Trade-off either way: this gives you naming flexibility and per-table
scoping filters without writing code, but the underlying tables must
still follow the silver-layer relationships (EAV tag tables,
per-(container_id, channel_id) channels rows, etc.) and the internal
key names (container_id, channel_id) themselves are fixed
constants. For different relationships or composite keys, see custom
solvers below.
Custom solvers
For physical layouts that do not match the silver-layer relationships at
all — no EAV tag tables, alias lookup tables instead of channel_tags,
computed-column joins, JSON-encoded values, multi-column composite keys
that need pre-processing, etc. — you can implement a custom solver by
subclassing
QuerySolver
(or one of the existing solvers) and registering it in your report config.
This is significantly more invested than the SolverConfig path: you take
on responsibility for the four solver pipeline stages
(filter_container_tags, filter_container_metrics, filter_channel_tags,
filter_channel_metrics) and the solve method.
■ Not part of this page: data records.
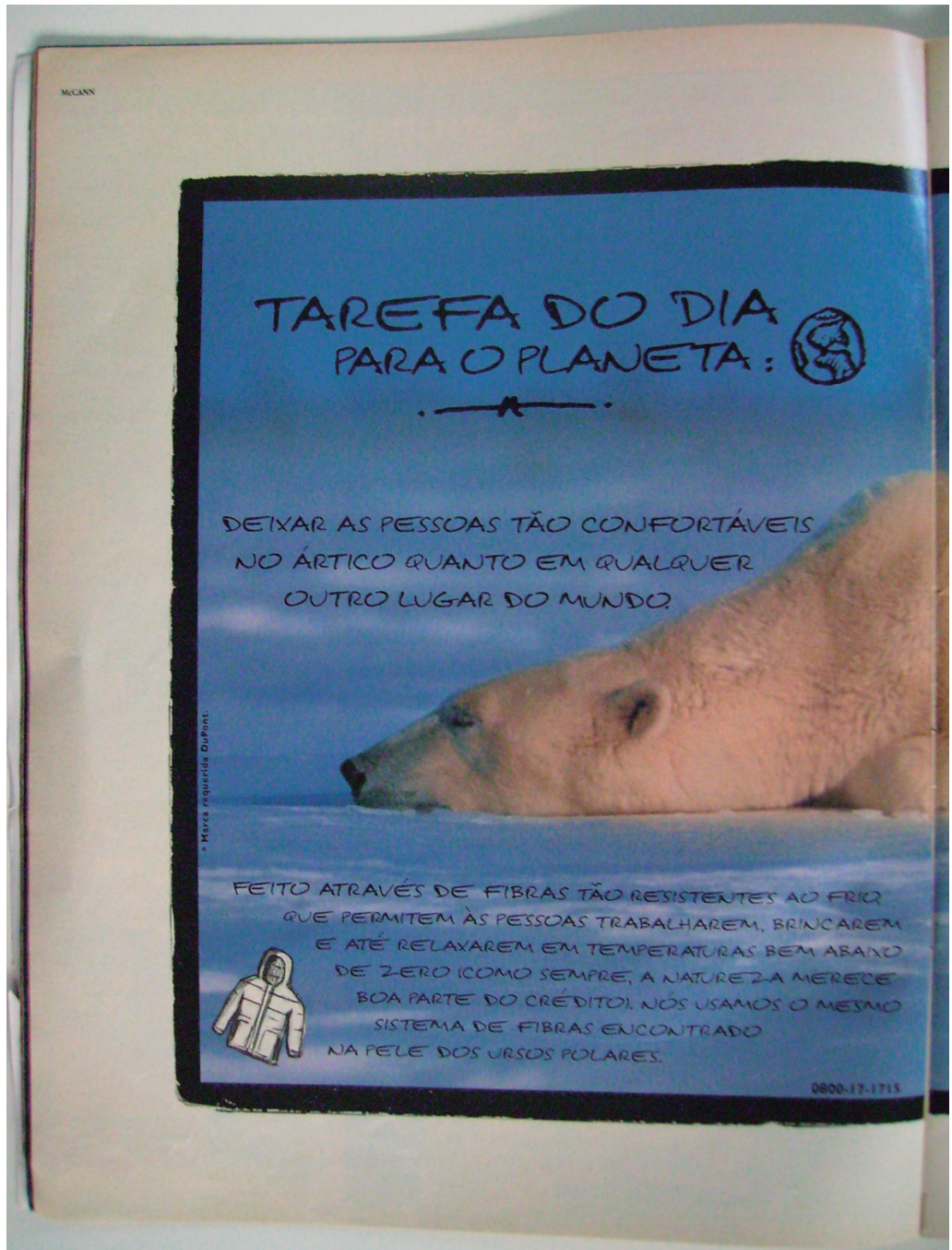
Figura 1: Detalhe da publicidade Dupont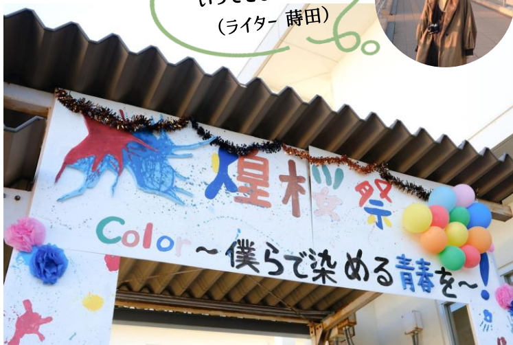
▲『煌桜祭』の愛称で親しまれる文化祭。手作り看板にはテーマを添えて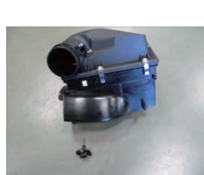
ボックスから吸気温度センサーを外します。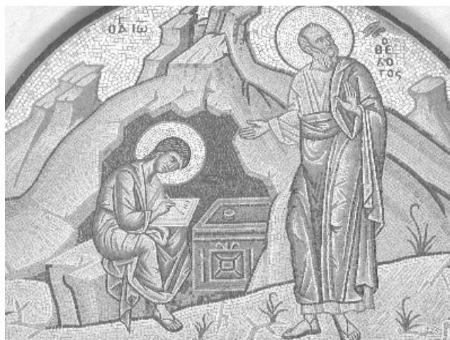
Johannes ontvangt de openbaring

Toch is men in sommige christelijke kringen er nog steeds heilig van overtuigd dat alles strikt voorbestemd is. Gereformeerden, in het bijzonder de Calvinisten, geloven zelfs dat het vanaf het begin vast staat of een mens na zijn dood in de hemel of in de hel terecht komt. Dientengevolge zijn mensen eigenlijk slechts marionetten in een spel dat God eeuwen geleden minutieus uitgedacht heeft en dat voor ons, zonder dat we doel en zin begrijpen, gespeeld wordt, totdat uiteindelijk het doek valt. Deze mening staat echter haaks op de christelijke leer van vrije wil en keuzevrijheid van de mens, een vooral in de katholieke kerk bijna dogmatisch thema. Omdat de bijbel voor beide meningen voldoende bewijs levert, zal de discussie over dit thema ook binnen de kerken zeker doorgaan.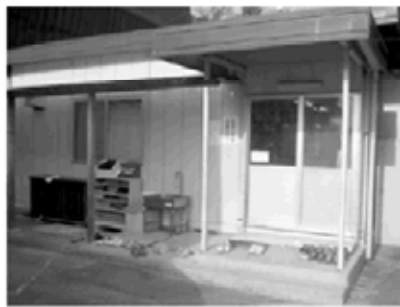
多くの子どもたちが利用する児童クラブ

備のため、校長会などで協議を進めた。様々な心配や課題もあったが、現在も協力や連携はとられており、今回教育委員会に移行されたことでさらに強い連携が取られると思っている。対象者を拡大する計画については、こども課が進めている。次世代育成支援行動計画の中で、4年生から6年生までについては民営化という方針に基づいて検討されることになっている。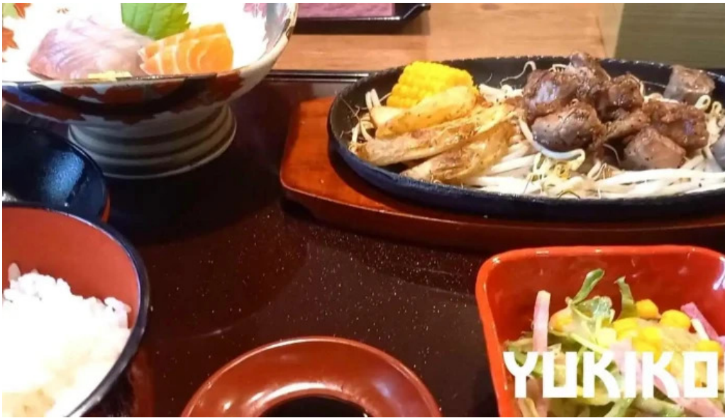
和食乃さんる一ぷ 動画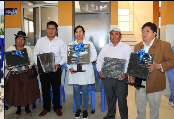
Equipamiento C.S. Korihuma 2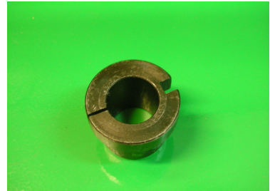
Adaptador electroinyectores \varnothing 22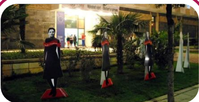
Siluetat e grave të rëndësishme të histories së Shqipërisë qëndrojnë para muzeut në Tiranë.

Pas konferencës, pjesëmarrëset morën pjesë në ekspozitën "100 vjet të jetës dhe kontributeve të grave në Shqipëri." Siluetat e grave të rëndësishme për historinë e Shqipërisë qëndronin në hyrjen e muzeut në Tiranë. Hulumtimet në arkivat e historisë u morën parasysh në këtë përzgjedhje. 100 vjetori i Shqipërisë dhe aktivizmi 20 vjetor i grave në Shqipëri u shënuan me orë letrare, panele diskutimesh dhe shfaqje të dokumentarëve, "Gratë bëjnë historinë" në disa stacione televizive në Shqipëri. Aktivitetet u përmbyllën me një edicion komplet që shënon figurat më të rëndësishme të grave, të titulluar, "90 + 20, Lëvizja e grave në Shqipëri – Rruga përpara."

Some advanced deployments
do this — e.g. when the customer's silver layer pre-dates Impulse and
synthesises Impulse-shaped views via SQL CTEs at query time. If you find
yourself heading down this path, it is usually worth first asking whether
a one-time ETL job to produce the standard silver-layer shape would be
cheaper.
The general rule: SolverConfig for naming differences, custom solver
for structural differences, ETL into the standard shape for everything
else.